[Opening RECORDS FOR THIS TASK section]

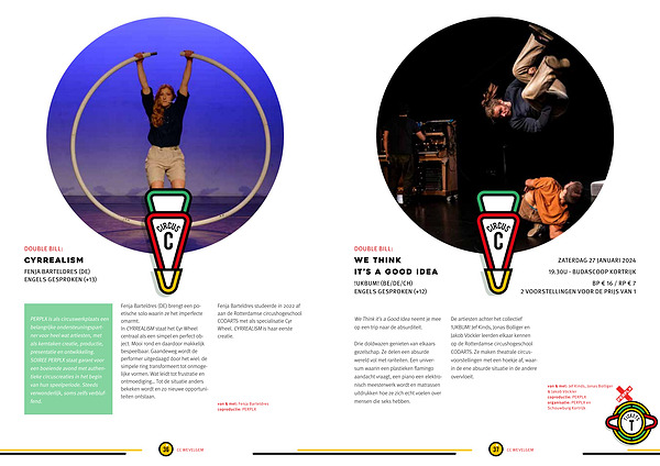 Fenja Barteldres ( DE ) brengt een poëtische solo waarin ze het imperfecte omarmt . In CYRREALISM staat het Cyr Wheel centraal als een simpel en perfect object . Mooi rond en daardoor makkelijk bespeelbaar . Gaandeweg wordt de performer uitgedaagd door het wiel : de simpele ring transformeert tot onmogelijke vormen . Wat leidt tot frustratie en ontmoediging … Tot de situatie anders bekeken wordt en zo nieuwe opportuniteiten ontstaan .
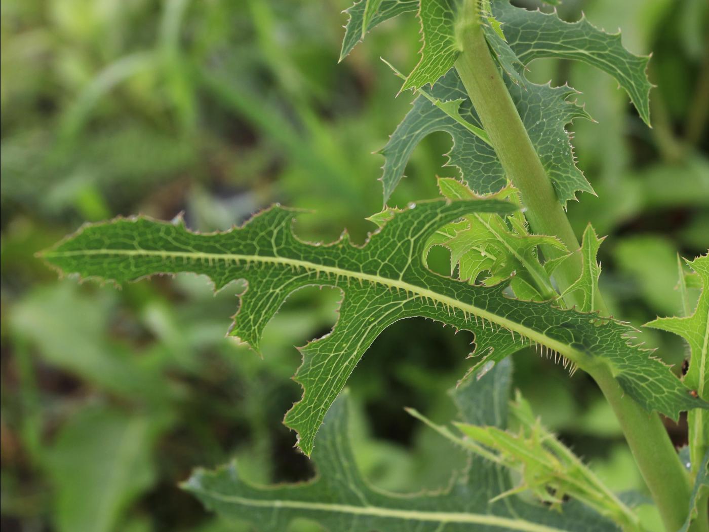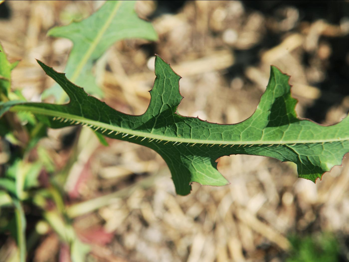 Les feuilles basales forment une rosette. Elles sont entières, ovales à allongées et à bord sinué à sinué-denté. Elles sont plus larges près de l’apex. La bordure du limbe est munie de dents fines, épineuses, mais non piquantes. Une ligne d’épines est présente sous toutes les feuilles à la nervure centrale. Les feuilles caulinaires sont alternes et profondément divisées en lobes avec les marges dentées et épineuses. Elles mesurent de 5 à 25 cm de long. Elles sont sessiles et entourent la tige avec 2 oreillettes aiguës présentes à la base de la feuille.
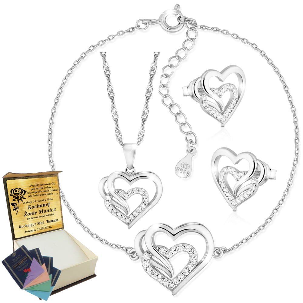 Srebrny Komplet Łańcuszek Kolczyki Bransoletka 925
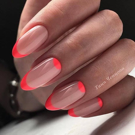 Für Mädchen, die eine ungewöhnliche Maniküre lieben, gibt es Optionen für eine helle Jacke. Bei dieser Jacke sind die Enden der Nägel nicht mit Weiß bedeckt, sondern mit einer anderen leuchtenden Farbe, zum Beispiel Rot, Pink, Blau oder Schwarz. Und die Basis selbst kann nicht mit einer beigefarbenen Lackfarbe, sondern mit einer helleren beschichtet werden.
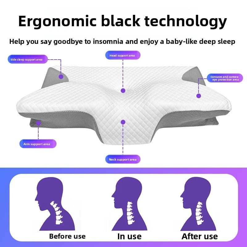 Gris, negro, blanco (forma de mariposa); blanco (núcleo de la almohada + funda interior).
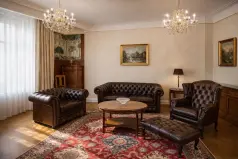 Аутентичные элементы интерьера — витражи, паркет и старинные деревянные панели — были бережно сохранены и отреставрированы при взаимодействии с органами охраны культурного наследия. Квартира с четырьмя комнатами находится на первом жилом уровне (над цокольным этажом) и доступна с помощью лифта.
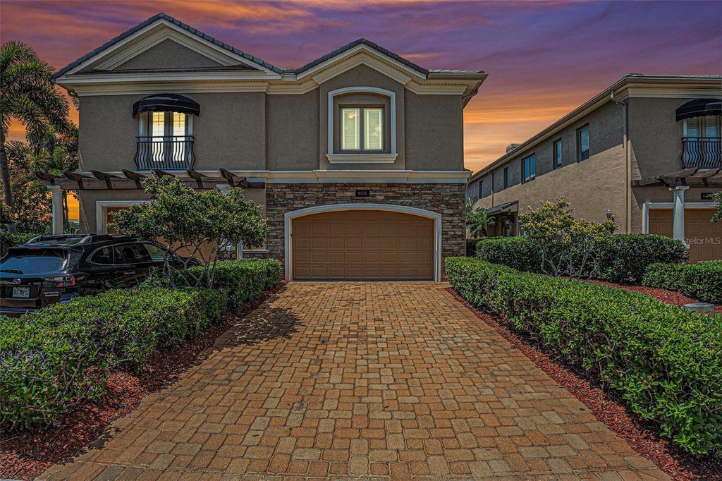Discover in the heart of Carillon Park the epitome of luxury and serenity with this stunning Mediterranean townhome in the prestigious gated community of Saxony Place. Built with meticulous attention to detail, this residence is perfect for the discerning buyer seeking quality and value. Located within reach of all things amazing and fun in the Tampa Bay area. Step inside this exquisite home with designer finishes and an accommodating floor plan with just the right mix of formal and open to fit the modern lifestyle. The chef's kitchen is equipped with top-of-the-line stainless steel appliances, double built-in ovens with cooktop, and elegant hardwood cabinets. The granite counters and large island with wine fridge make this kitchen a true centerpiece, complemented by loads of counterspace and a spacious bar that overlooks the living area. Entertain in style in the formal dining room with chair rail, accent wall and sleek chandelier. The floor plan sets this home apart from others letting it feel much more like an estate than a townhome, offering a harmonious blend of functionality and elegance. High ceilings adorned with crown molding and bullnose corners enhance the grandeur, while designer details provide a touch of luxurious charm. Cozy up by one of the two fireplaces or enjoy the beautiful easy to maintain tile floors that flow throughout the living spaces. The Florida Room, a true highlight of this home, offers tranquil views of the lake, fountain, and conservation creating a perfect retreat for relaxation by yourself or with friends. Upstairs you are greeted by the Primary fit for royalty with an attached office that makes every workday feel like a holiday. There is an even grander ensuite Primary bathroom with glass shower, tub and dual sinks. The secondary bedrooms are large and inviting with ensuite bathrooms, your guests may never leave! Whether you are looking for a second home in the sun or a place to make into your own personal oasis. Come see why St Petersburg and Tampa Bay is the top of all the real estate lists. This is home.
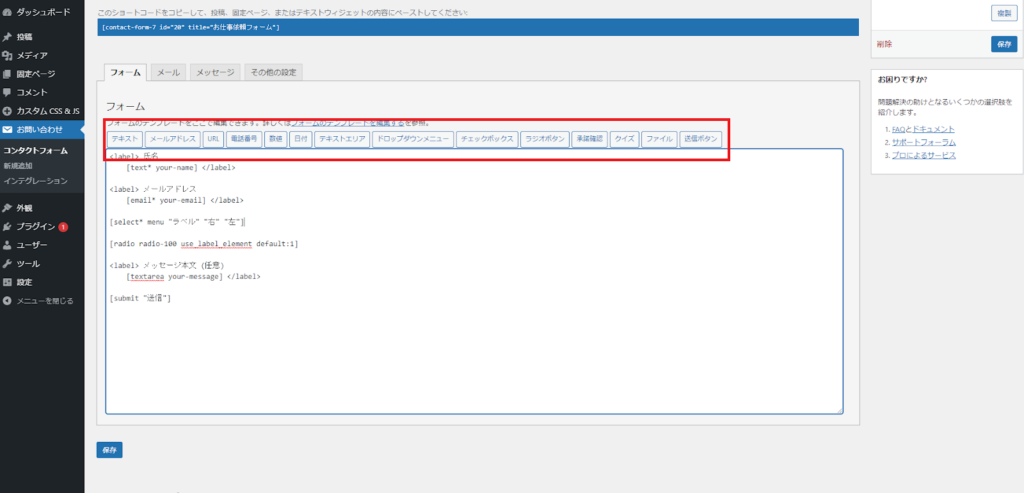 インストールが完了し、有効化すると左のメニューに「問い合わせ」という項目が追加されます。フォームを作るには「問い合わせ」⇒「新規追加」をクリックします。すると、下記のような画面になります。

[Closing RECORDS FOR THIS TASK section]
[Opening RECORDS FOR THIS TASK section]

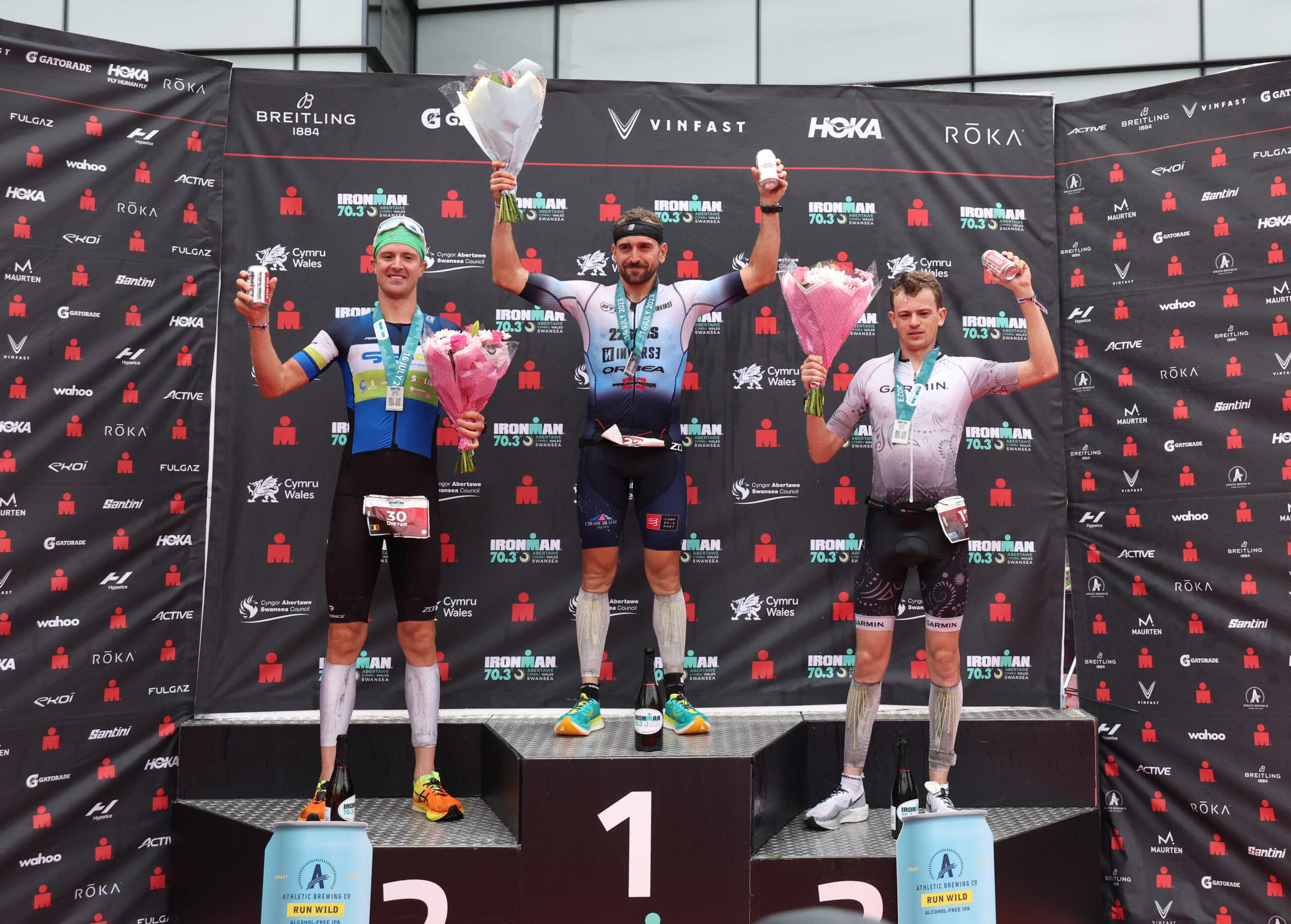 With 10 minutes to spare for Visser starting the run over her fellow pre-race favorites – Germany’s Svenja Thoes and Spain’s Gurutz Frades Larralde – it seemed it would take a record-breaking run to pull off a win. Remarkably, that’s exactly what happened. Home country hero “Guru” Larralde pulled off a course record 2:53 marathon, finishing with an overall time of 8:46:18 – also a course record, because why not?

[Closing RECORDS FOR THIS TASK section]

▶ **EXERCISE INSTRUCTIONS**
What are the lines in the records above, word for word, from the one containing "Fenja Barteldres ( DE" through the one containing "Аутентичные элементы интерьера", both ends included and pictures left out?

▶ **ANSWER SPACE**
 Fenja Barteldres ( DE ) brengt een poëtische solo waarin ze het imperfecte omarmt . In CYRREALISM staat het Cyr Wheel centraal als een simpel en perfect object . Mooi rond en daardoor makkelijk bespeelbaar . Gaandeweg wordt de performer uitgedaagd door het wiel : de simpele ring transformeert tot onmogelijke vormen . Wat leidt tot frustratie en ontmoediging … Tot de situatie anders bekeken wordt en zo nieuwe opportuniteiten ontstaan .
 Les feuilles basales forment une rosette. Elles sont entières, ovales à allongées et à bord sinué à sinué-denté. Elles sont plus larges près de l’apex. La bordure du limbe est munie de dents fines, épineuses, mais non piquantes. Une ligne d’épines est présente sous toutes les feuilles à la nervure centrale. Les feuilles caulinaires sont alternes et profondément divisées en lobes avec les marges dentées et épineuses. Elles mesurent de 5 à 25 cm de long. Elles sont sessiles et entourent la tige avec 2 oreillettes aiguës présentes à la base de la feuille.
 Srebrny Komplet Łańcuszek Kolczyki Bransoletka 925
 Für Mädchen, die eine ungewöhnliche Maniküre lieben, gibt es Optionen für eine helle Jacke. Bei dieser Jacke sind die Enden der Nägel nicht mit Weiß bedeckt, sondern mit einer anderen leuchtenden Farbe, zum Beispiel Rot, Pink, Blau oder Schwarz. Und die Basis selbst kann nicht mit einer beigefarbenen Lackfarbe, sondern mit einer helleren beschichtet werden.
 Gris, negro, blanco (forma de mariposa); blanco (núcleo de la almohada + funda interior).
 Аутентичные элементы интерьера — витражи, паркет и старинные деревянные панели — были бережно сохранены и отреставрированы при взаимодействии с органами охраны культурного наследия. Квартира с четырьмя комнатами находится на первом жилом уровне (над цокольным этажом) и доступна с помощью лифта.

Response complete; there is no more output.